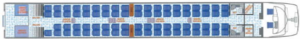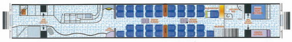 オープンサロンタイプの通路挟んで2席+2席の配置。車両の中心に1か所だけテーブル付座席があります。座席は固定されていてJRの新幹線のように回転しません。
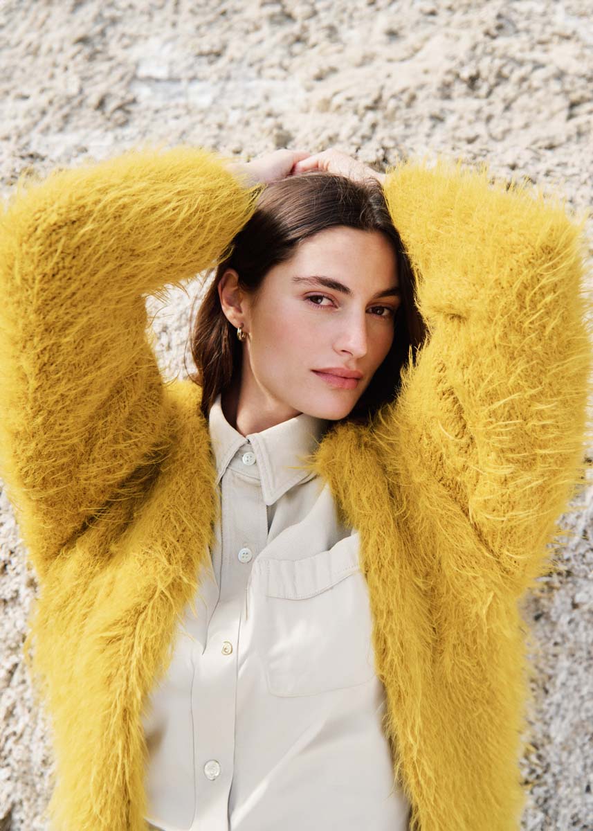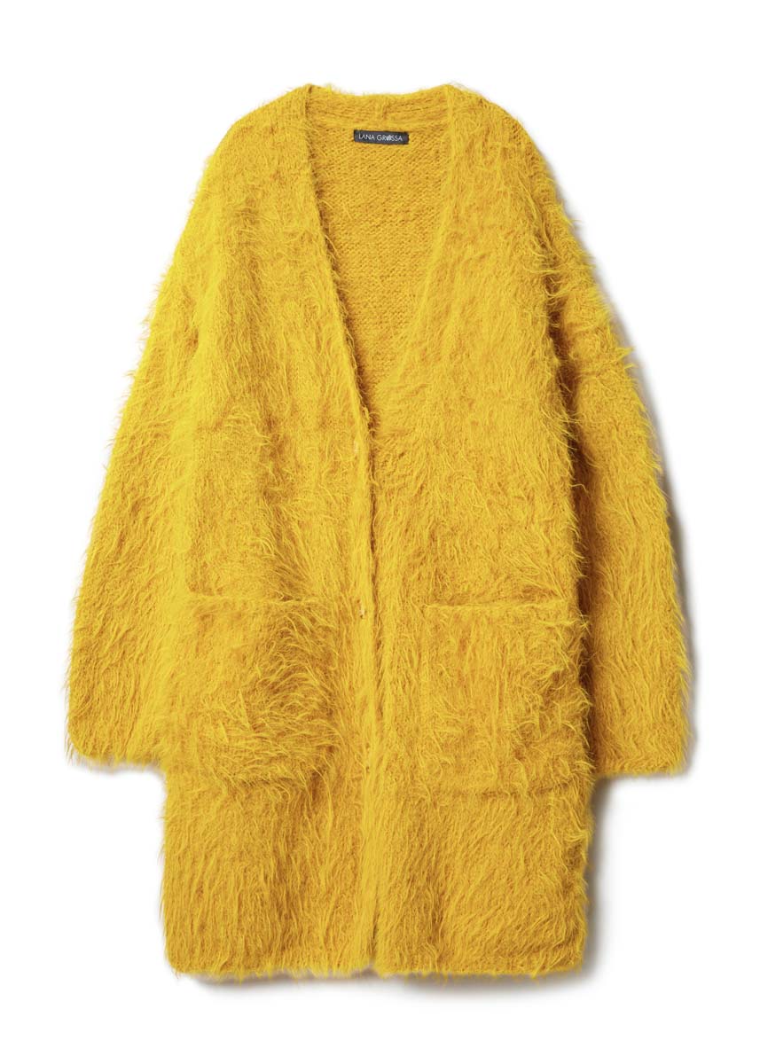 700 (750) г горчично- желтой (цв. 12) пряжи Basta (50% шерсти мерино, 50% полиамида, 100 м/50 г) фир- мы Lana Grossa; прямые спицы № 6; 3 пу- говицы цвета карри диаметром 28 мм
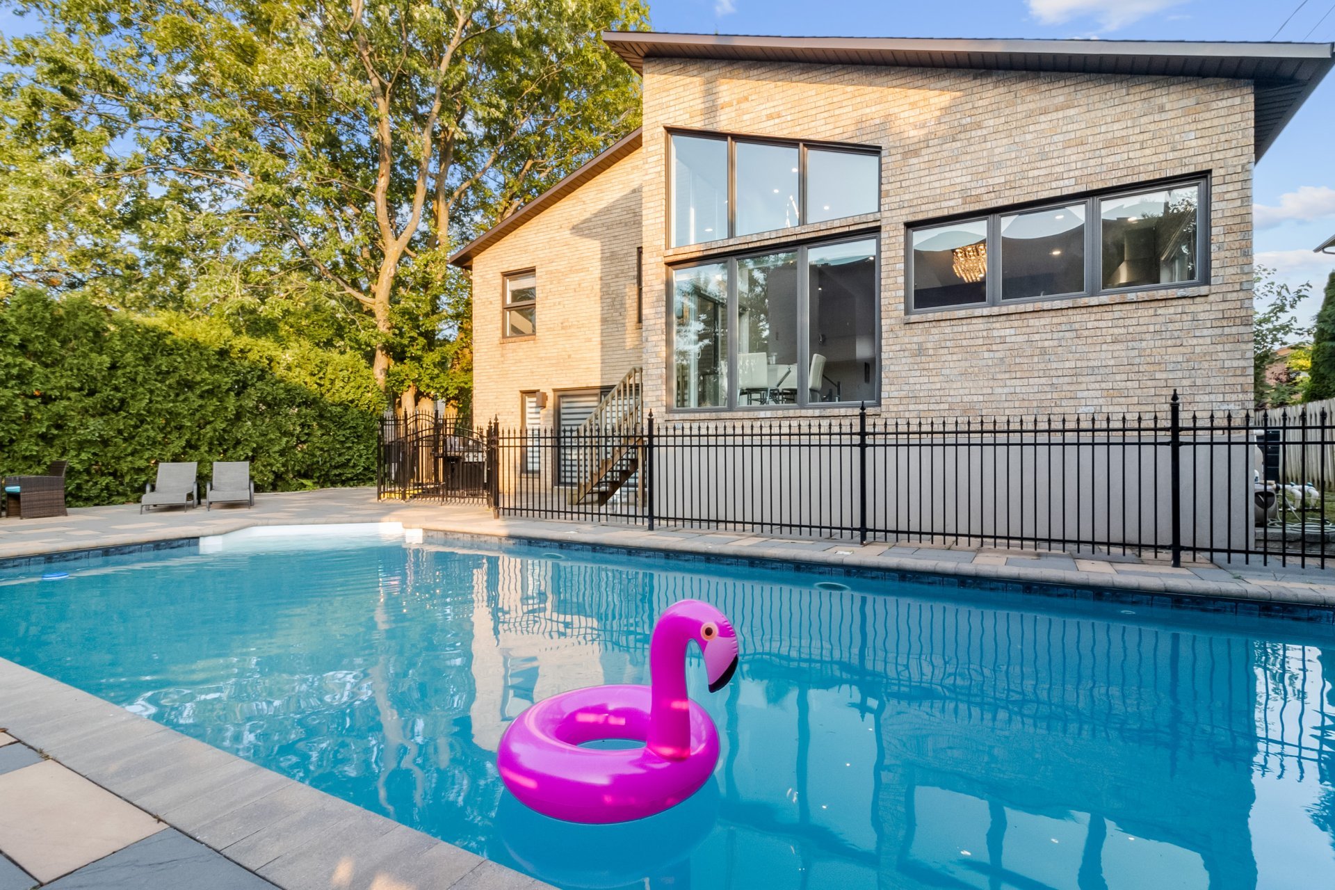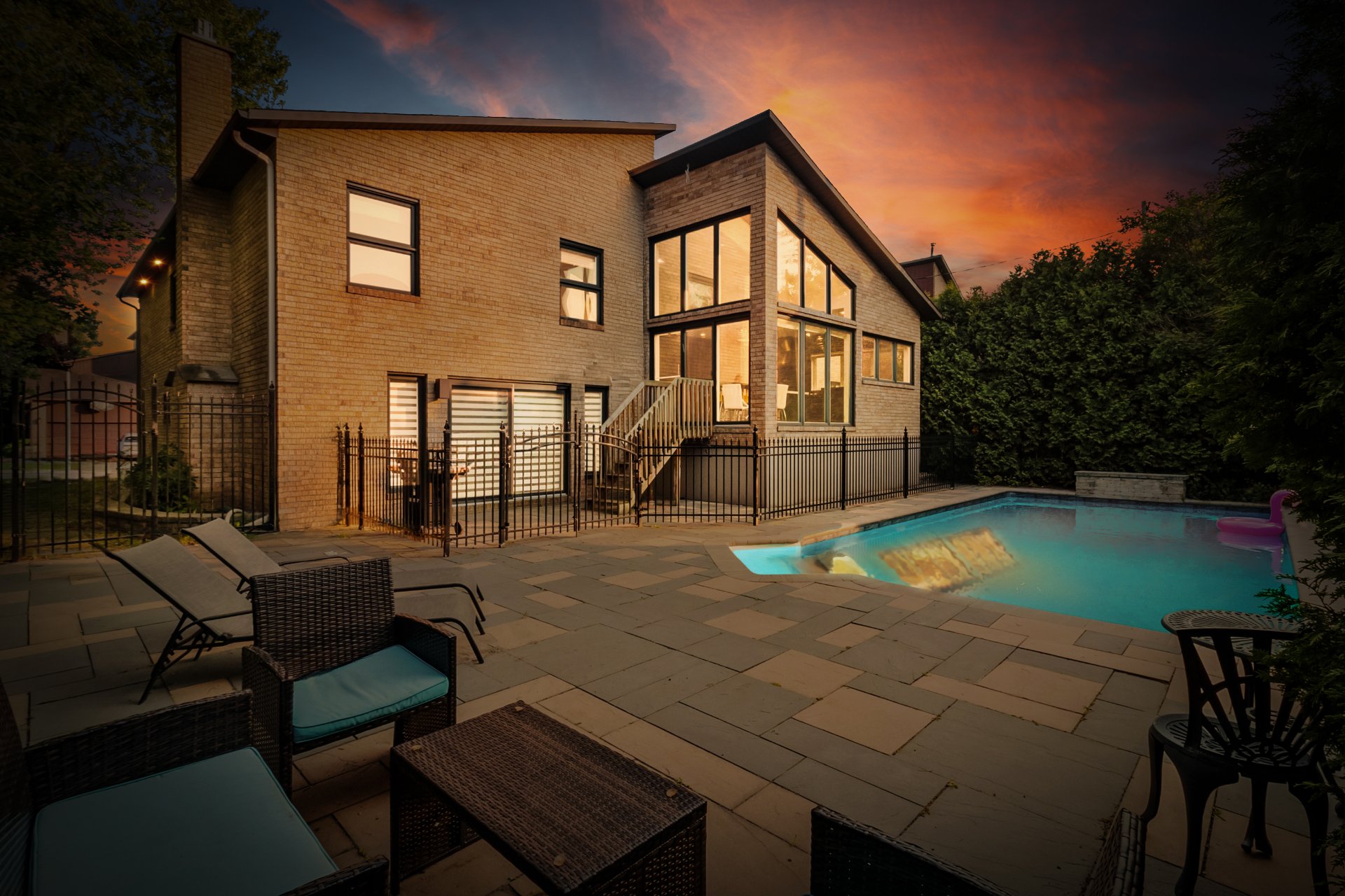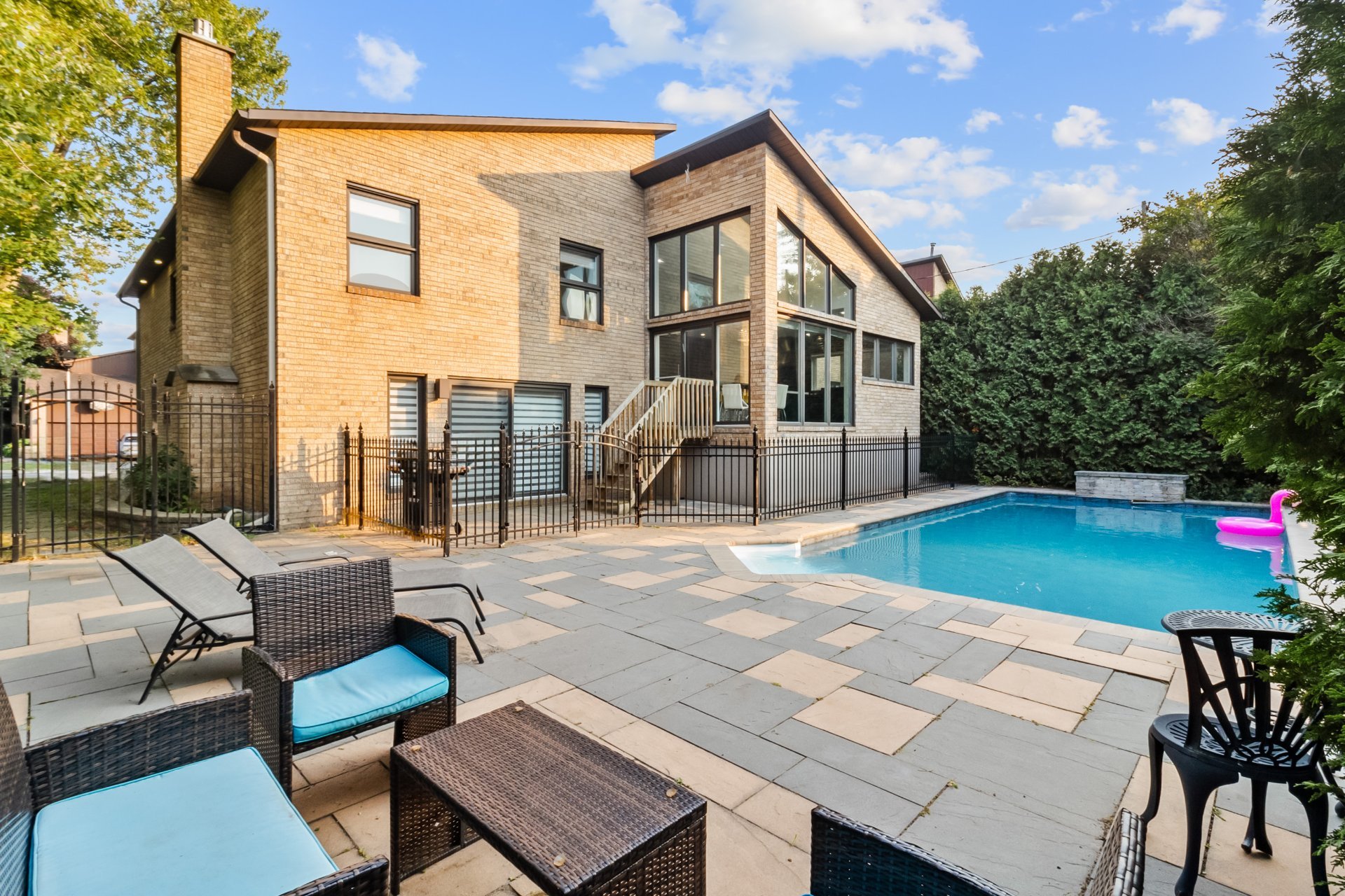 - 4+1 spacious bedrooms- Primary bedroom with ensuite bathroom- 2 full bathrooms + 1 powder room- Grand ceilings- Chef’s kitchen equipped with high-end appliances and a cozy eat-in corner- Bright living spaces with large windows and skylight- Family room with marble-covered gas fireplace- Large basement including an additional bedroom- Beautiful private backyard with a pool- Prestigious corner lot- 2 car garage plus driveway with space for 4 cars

::::::

EXERCISE DIRECTIONS –
Return all of the data exactly as written, and drop the pictures.

RESULT –
 オープンサロンタイプの通路挟んで2席+2席の配置。車両の中心に1か所だけテーブル付座席があります。座席は固定されていてJRの新幹線のように回転しません。
 700 (750) г горчично- желтой (цв. 12) пряжи Basta (50% шерсти мерино, 50% полиамида, 100 м/50 г) фир- мы Lana Grossa; прямые спицы № 6; 3 пу- говицы цвета карри диаметром 28 мм
 - 4+1 spacious bedrooms- Primary bedroom with ensuite bathroom- 2 full bathrooms + 1 powder room- Grand ceilings- Chef’s kitchen equipped with high-end appliances and a cozy eat-in corner- Bright living spaces with large windows and skylight- Family room with marble-covered gas fireplace- Large basement including an additional bedroom- Beautiful private backyard with a pool- Prestigious corner lot- 2 car garage plus driveway with space for 4 cars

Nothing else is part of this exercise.